Termination w.r.t. Q of the given QTRS could be proven:

0 QTRS
1 DependencyPairsProof (⇔)
2 QDP
3 DependencyGraphProof (⇔)
4 QDP
5 QDPOrderProof (⇔)
6 QDP
7 QDPOrderProof (⇔)
8 QDP
9 DependencyGraphProof (⇔)
10 QDP
11 QDPOrderProof (⇔)
12 QDP
13 QDPOrderProof (⇔)
14 QDP
15 DependencyGraphProof (⇔)
16 QDP
17 QDPOrderProof (⇔)
18 QDP
19 DependencyGraphProof (⇔)
20 QDP
21 UsableRulesProof (⇔)
22 QDP
23 QDPSizeChangeProof (⇔)
24 TRUE

(0) Obligation:

Q restricted rewrite system:
The TRS R consists of the following rules:

and(true, X) → activate(X)
and(false, Y) → false
if(true, X, Y) → activate(X)
if(false, X, Y) → activate(Y)
add(0, X) → activate(X)
add(s(X), Y) → s(n__add(activate(X), activate(Y)))
first(0, X) → nil
first(s(X), cons(Y, Z)) → cons(activate(Y), n__first(activate(X), activate(Z)))
from(X) → cons(activate(X), n__from(n__s(activate(X))))
add(X1, X2) → n__add(X1, X2)
first(X1, X2) → n__first(X1, X2)
from(X) → n__from(X)
s(X) → n__s(X)
activate(n__add(X1, X2)) → add(activate(X1), X2)
activate(n__first(X1, X2)) → first(activate(X1), activate(X2))
activate(n__from(X)) → from(X)
activate(n__s(X)) → s(X)
activate(X) → X

Q is empty.

(1) DependencyPairsProof (EQUIVALENT transformation)

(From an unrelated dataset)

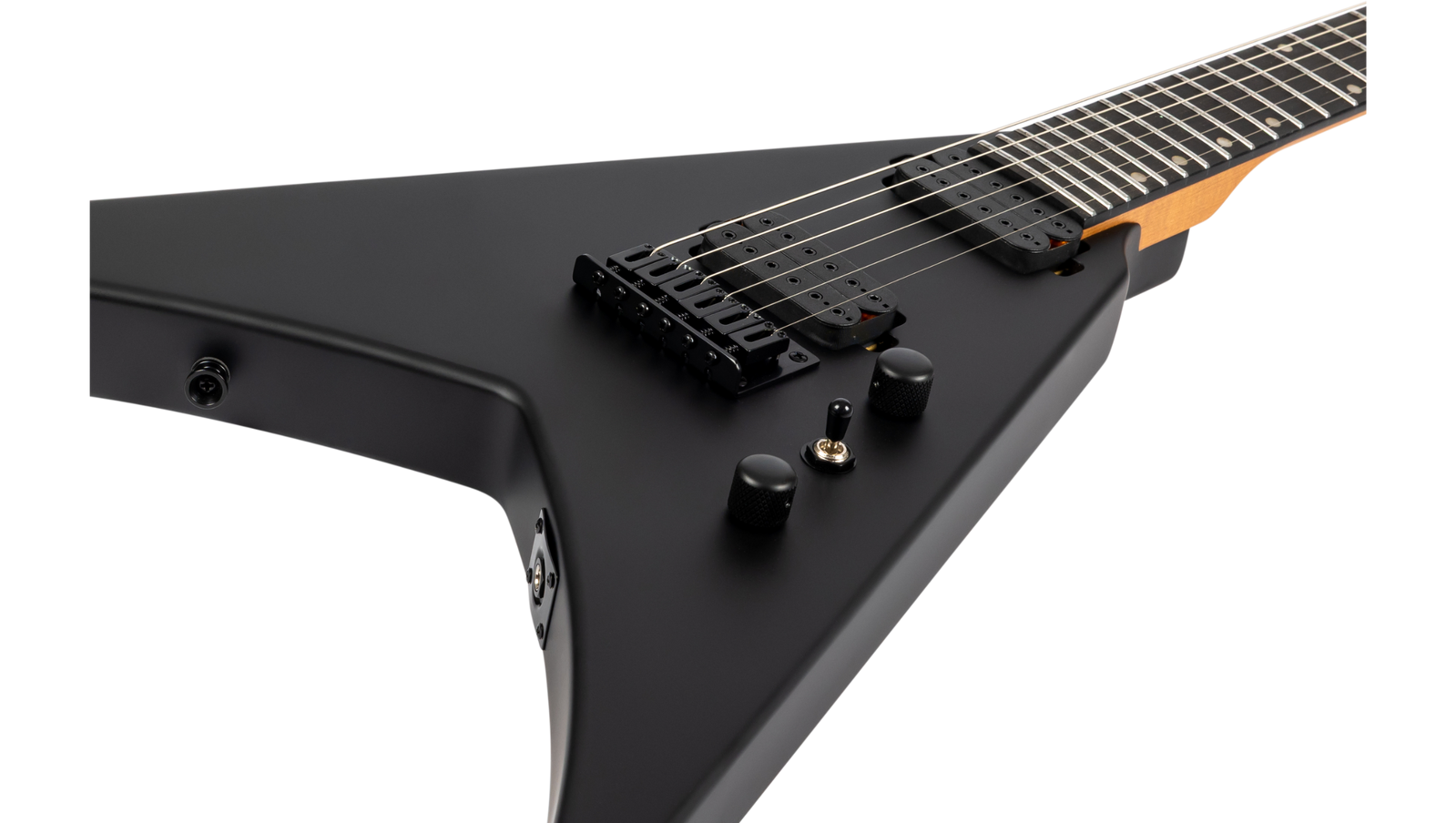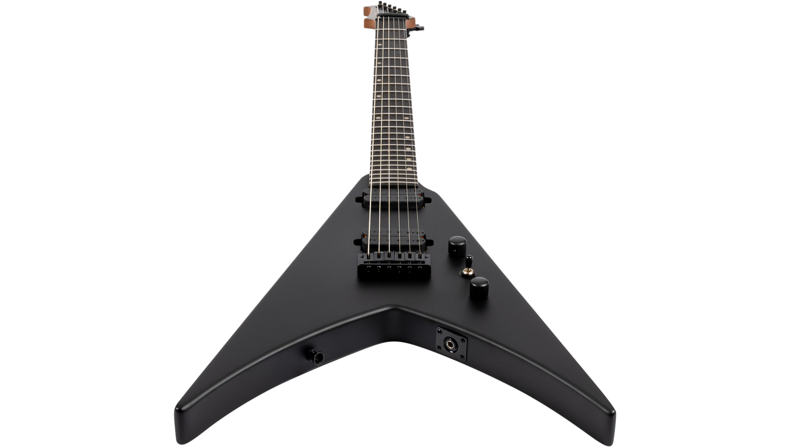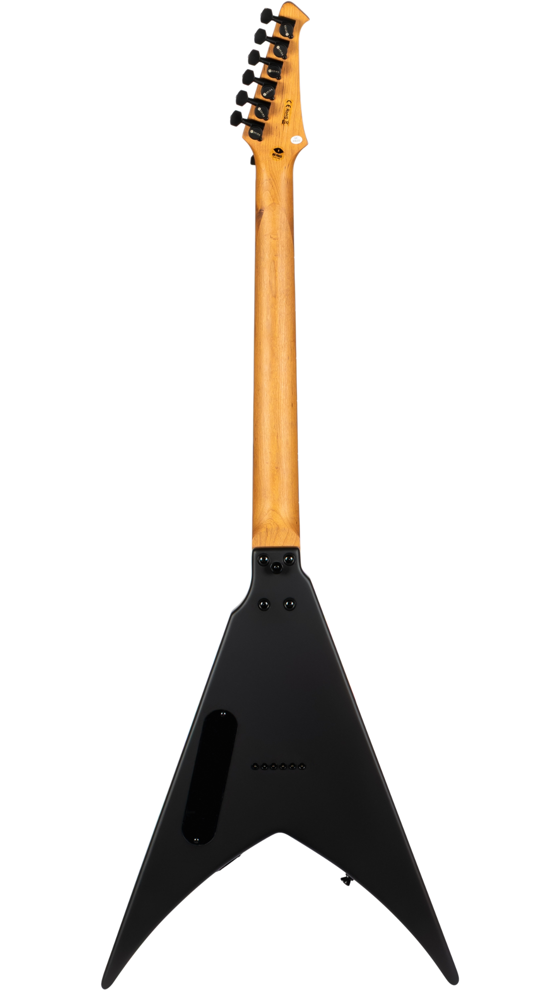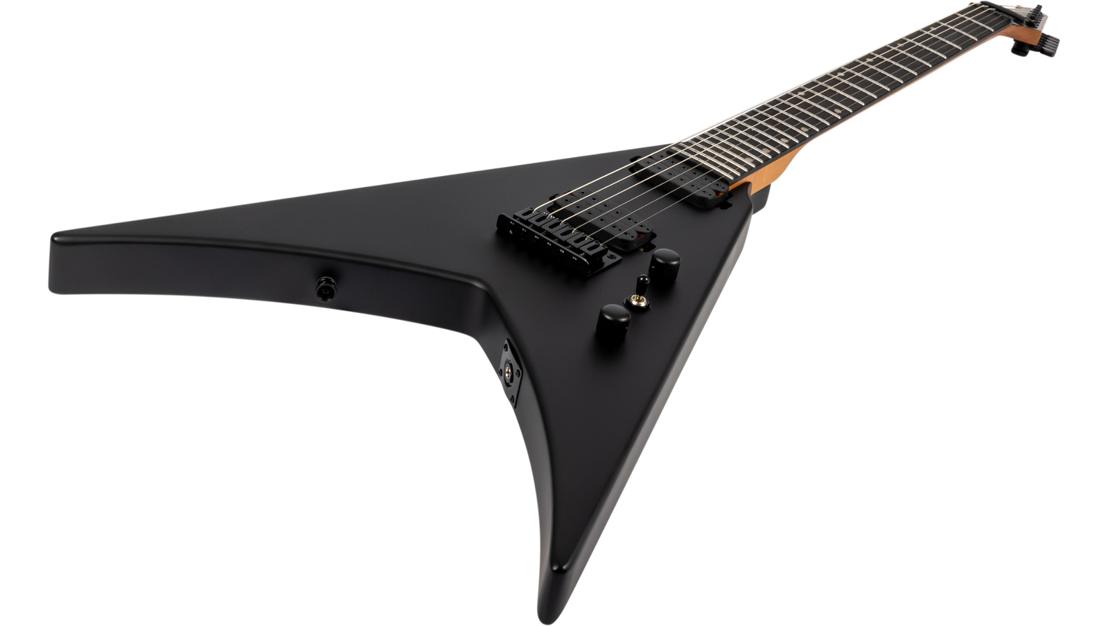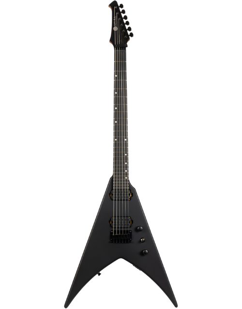The Spira Guitars V-400 is a bold, modern reimagining of the classic V-shape, designed for speed, power, and precision. Its roasted poplar body and satin-finished Canadian roasted maple neck offer a comfortable yet rugged feel, while the Ebony Tech fretboard with 24 jumbo frets ensures fast, articulate playing. Featuring Spira’s custom high-output Villain humbuckers with ceramic magnets, the V-400 delivers punchy, aggressive tones ideal for high-gain riffing and cutting solos. A fixed bridge and locking tuners provide rock-solid tuning stability, making it equally reliable on stage or in the studio. Finished in sleek satin black hardware, it’s a visually and sonically uncompromising instrument.

Using Dependency Pairs [AG00,LPAR04] we result in the following initial DP problem.

(2) Obligation:

Q DP problem:
The TRS P consists of the following rules:

AND(true, X) → ACTIVATE(X)
IF(true, X, Y) → ACTIVATE(X)
IF(false, X, Y) → ACTIVATE(Y)
ADD(0, X) → ACTIVATE(X)
ADD(s(X), Y) → S(n__add(activate(X), activate(Y)))
ADD(s(X), Y) → ACTIVATE(X)
ADD(s(X), Y) → ACTIVATE(Y)
FIRST(s(X), cons(Y, Z)) → ACTIVATE(Y)
FIRST(s(X), cons(Y, Z)) → ACTIVATE(X)
FIRST(s(X), cons(Y, Z)) → ACTIVATE(Z)
FROM(X) → ACTIVATE(X)
ACTIVATE(n__add(X1, X2)) → ADD(activate(X1), X2)
ACTIVATE(n__add(X1, X2)) → ACTIVATE(X1)
ACTIVATE(n__first(X1, X2)) → FIRST(activate(X1), activate(X2))
ACTIVATE(n__first(X1, X2)) → ACTIVATE(X1)
ACTIVATE(n__first(X1, X2)) → ACTIVATE(X2)
ACTIVATE(n__from(X)) → FROM(X)
ACTIVATE(n__s(X)) → S(X)

The TRS R consists of the following rules:

and(true, X) → activate(X)
and(false, Y) → false
if(true, X, Y) → activate(X)
if(false, X, Y) → activate(Y)
add(0, X) → activate(X)
add(s(X), Y) → s(n__add(activate(X), activate(Y)))
first(0, X) → nil
first(s(X), cons(Y, Z)) → cons(activate(Y), n__first(activate(X), activate(Z)))
from(X) → cons(activate(X), n__from(n__s(activate(X))))
add(X1, X2) → n__add(X1, X2)
first(X1, X2) → n__first(X1, X2)
from(X) → n__from(X)
s(X) → n__s(X)
activate(n__add(X1, X2)) → add(activate(X1), X2)
activate(n__first(X1, X2)) → first(activate(X1), activate(X2))
activate(n__from(X)) → from(X)
activate(n__s(X)) → s(X)
activate(X) → X

Q is empty.
We have to consider all minimal (P,Q,R)-chains.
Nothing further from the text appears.